◆ TASK DIRECTIONS
Would you reproduce the data below exactly, please, leaving out its images?

#### DATASET CONTENT ####

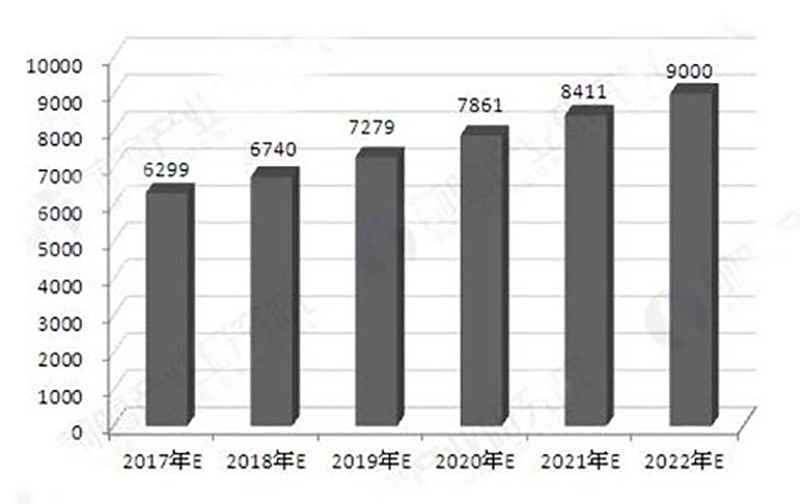 根据房地产行业的逐渐复苏以及我国门窗行业对于“互联网+传统行业”和定制服务的探索,在未来几年中,我国门窗行业将迎来一个较为快速的发展时期。预计到2017年,我国门窗行业的市场规模将达到6299亿元左右,到2022年,我国门窗行业的市场规模将突破9000亿元。
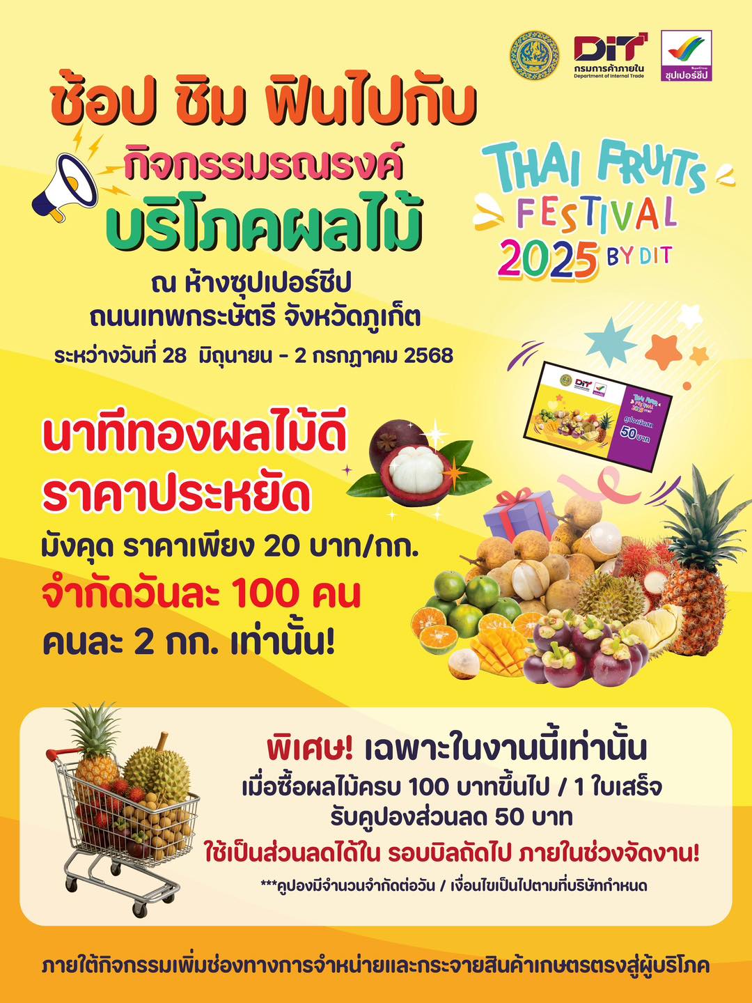 ช้อป ชิม ฟินไปกับ กิจกรรมรณรงค์บริโภคผลไม้ ณ ห้างซุปเปอร์ซีป ถนนเทพกระษัตรี จังหวัดภูเก็ต ระหว่างวันที่ 28 มิถุนายน – 2 กรกฎาคม 2568
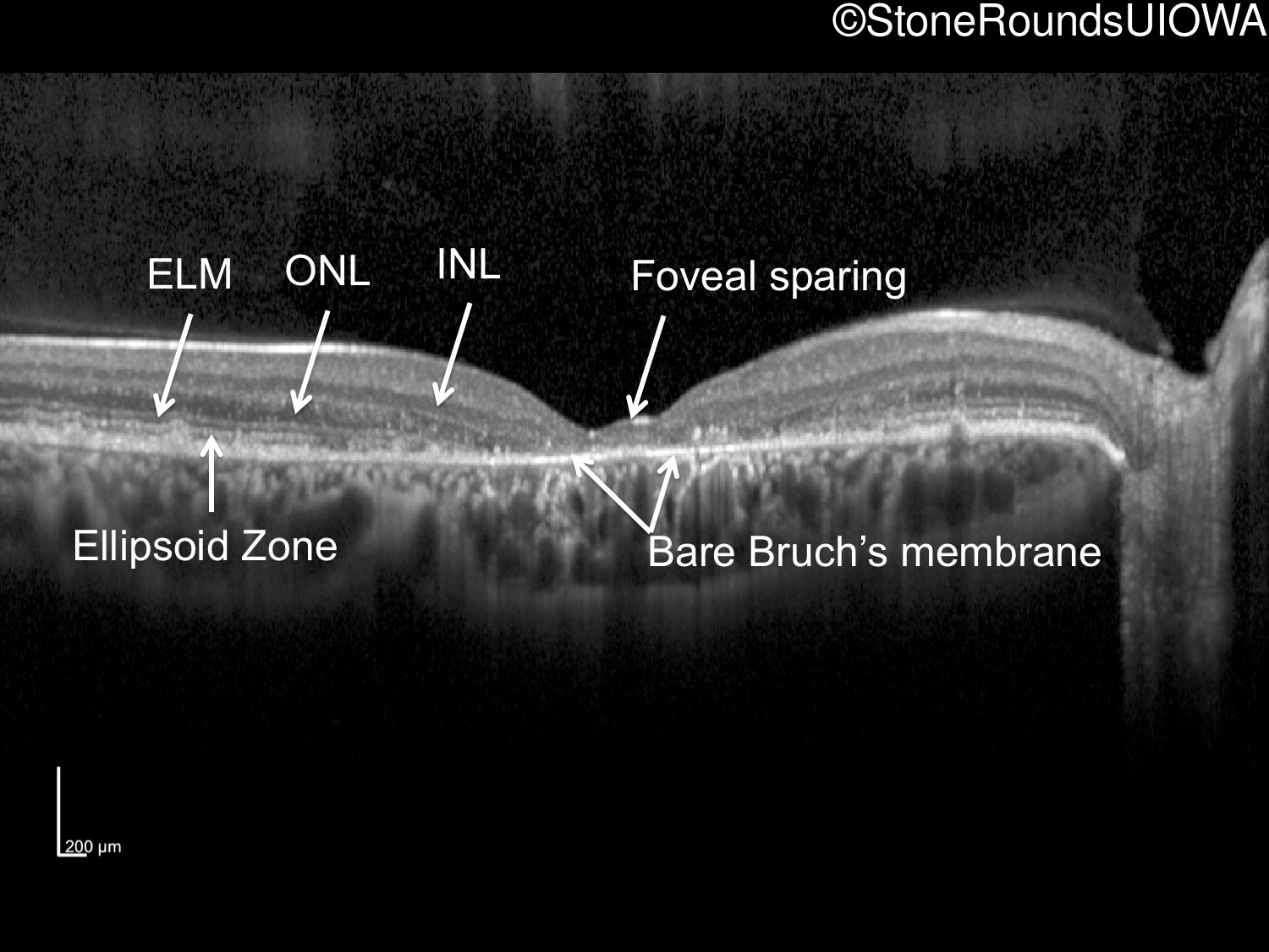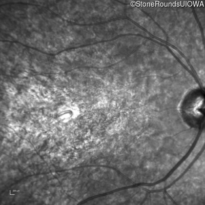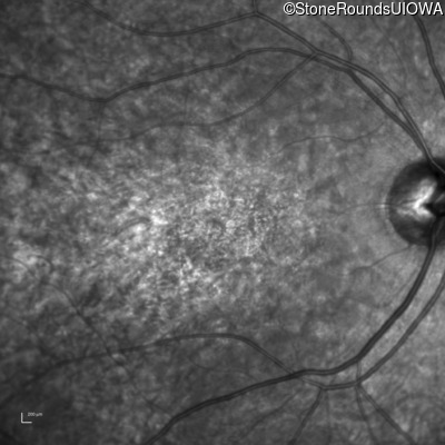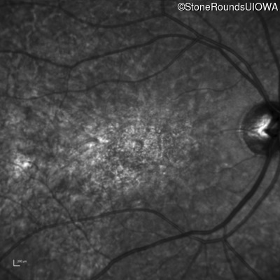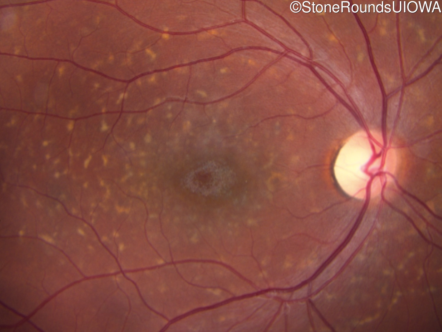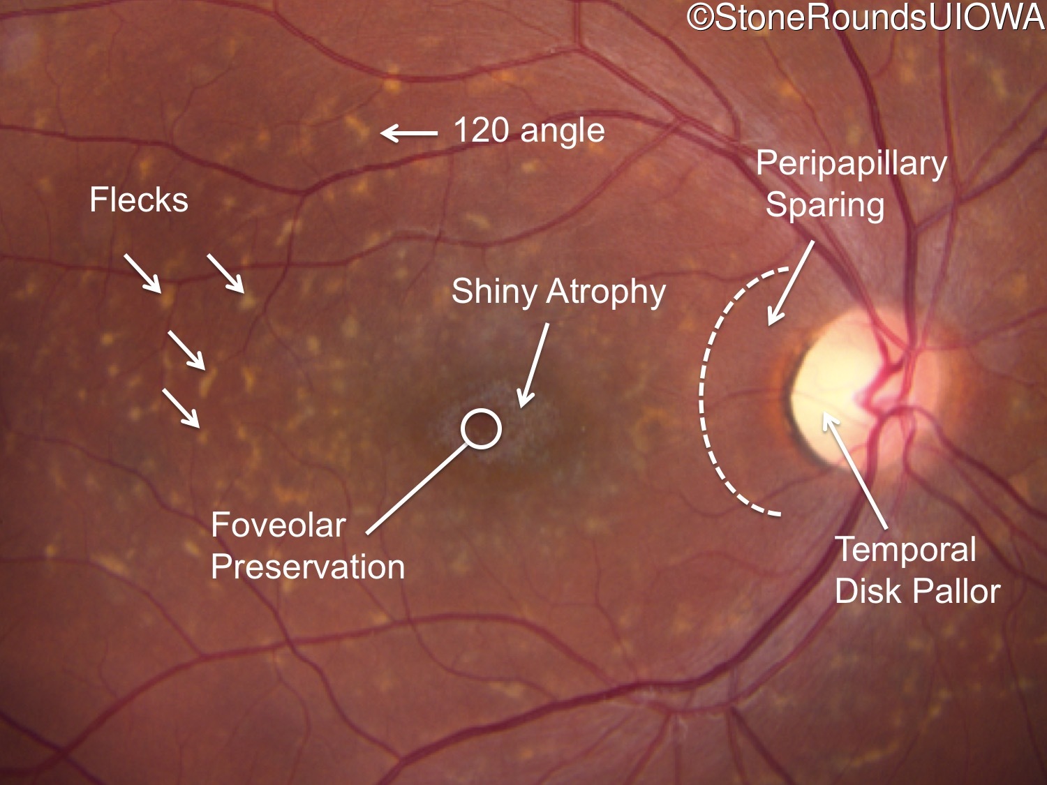 All three of the cardinal ophthalmic features of Mendelian macular dystrophies are present in this patient. The most striking features of the fundus exam are the numerous yellow flecks at the level of the RPE. Flecks are most commonly seen in AR Stargardt disease and pattern dystrophy although they may be seen in some of the rarer Mendelian maculopathies as well. The visual acuity in patients with AR Stargardt disease is often "worse than the fundus looks" while the acuity in pattern dystrophy is often quite good despite extensive flecks. The pedigree of this patient is compatible with ABCA4-associated Stargardt disease and the better than expected acuity is attributable to foveal sparing (see below). The onset of reduced acuity at age 10 is much more characteristic of ABCA4 disease than pattern dystrophy. Another feature present in this patient that is very frequently seen in Stargardt disease is peripapillary sparing. However, this sign can be seen in pattern dystrophy as well. When central atrophy is present in ABCA4-associated Stargardt disease it often somewhat shiny (which is uncommon with the geographic atrophy of pattern dystrophy or age-related macular degeneration). Some patients with ABCA4-associated Stargardt disease can have some preservation of the fovea giving a zonal "bullseye" appearance to the center of the macula. Sometimes this preservation is associated with preserved acuity as in this case. The outer nuclear layer (ONL) is much thinner than normal on OCT, indicative of photoreceptor loss. This is associated with a thinning of the ellipsoid zone which is usually many times brighter and thicker than the external limiting membrane (ELM). These two lines are essentially equal in intensity in this patient. The foveal sparing is seen on OCT only as a small bit of retinal convexity in the center of the atrophy coupled with a small bit of residual RPE flanked by bare Bruch's membrane. The presence of a robust I2e isopter on Goldmann perimetry places this patient in the least severe half of all Stargardt patients (see Schindler, et al., 2010). Most patients with ABCA4-associated disease are somewhat myopic as is this patient. Stargardt patients also tend to perform very poorly on pseudoisochromatic plates, even when their acuity is still fairly good as it is here.

####

◆ EXPECTED ANSWER
 根据房地产行业的逐渐复苏以及我国门窗行业对于“互联网+传统行业”和定制服务的探索,在未来几年中,我国门窗行业将迎来一个较为快速的发展时期。预计到2017年,我国门窗行业的市场规模将达到6299亿元左右,到2022年,我国门窗行业的市场规模将突破9000亿元。
 ช้อป ชิม ฟินไปกับ กิจกรรมรณรงค์บริโภคผลไม้ ณ ห้างซุปเปอร์ซีป ถนนเทพกระษัตรี จังหวัดภูเก็ต ระหว่างวันที่ 28 มิถุนายน – 2 กรกฎาคม 2568
 All three of the cardinal ophthalmic features of Mendelian macular dystrophies are present in this patient. The most striking features of the fundus exam are the numerous yellow flecks at the level of the RPE. Flecks are most commonly seen in AR Stargardt disease and pattern dystrophy although they may be seen in some of the rarer Mendelian maculopathies as well. The visual acuity in patients with AR Stargardt disease is often "worse than the fundus looks" while the acuity in pattern dystrophy is often quite good despite extensive flecks. The pedigree of this patient is compatible with ABCA4-associated Stargardt disease and the better than expected acuity is attributable to foveal sparing (see below). The onset of reduced acuity at age 10 is much more characteristic of ABCA4 disease than pattern dystrophy. Another feature present in this patient that is very frequently seen in Stargardt disease is peripapillary sparing. However, this sign can be seen in pattern dystrophy as well. When central atrophy is present in ABCA4-associated Stargardt disease it often somewhat shiny (which is uncommon with the geographic atrophy of pattern dystrophy or age-related macular degeneration). Some patients with ABCA4-associated Stargardt disease can have some preservation of the fovea giving a zonal "bullseye" appearance to the center of the macula. Sometimes this preservation is associated with preserved acuity as in this case. The outer nuclear layer (ONL) is much thinner than normal on OCT, indicative of photoreceptor loss. This is associated with a thinning of the ellipsoid zone which is usually many times brighter and thicker than the external limiting membrane (ELM). These two lines are essentially equal in intensity in this patient. The foveal sparing is seen on OCT only as a small bit of retinal convexity in the center of the atrophy coupled with a small bit of residual RPE flanked by bare Bruch's membrane. The presence of a robust I2e isopter on Goldmann perimetry places this patient in the least severe half of all Stargardt patients (see Schindler, et al., 2010). Most patients with ABCA4-associated disease are somewhat myopic as is this patient. Stargardt patients also tend to perform very poorly on pseudoisochromatic plates, even when their acuity is still fairly good as it is here.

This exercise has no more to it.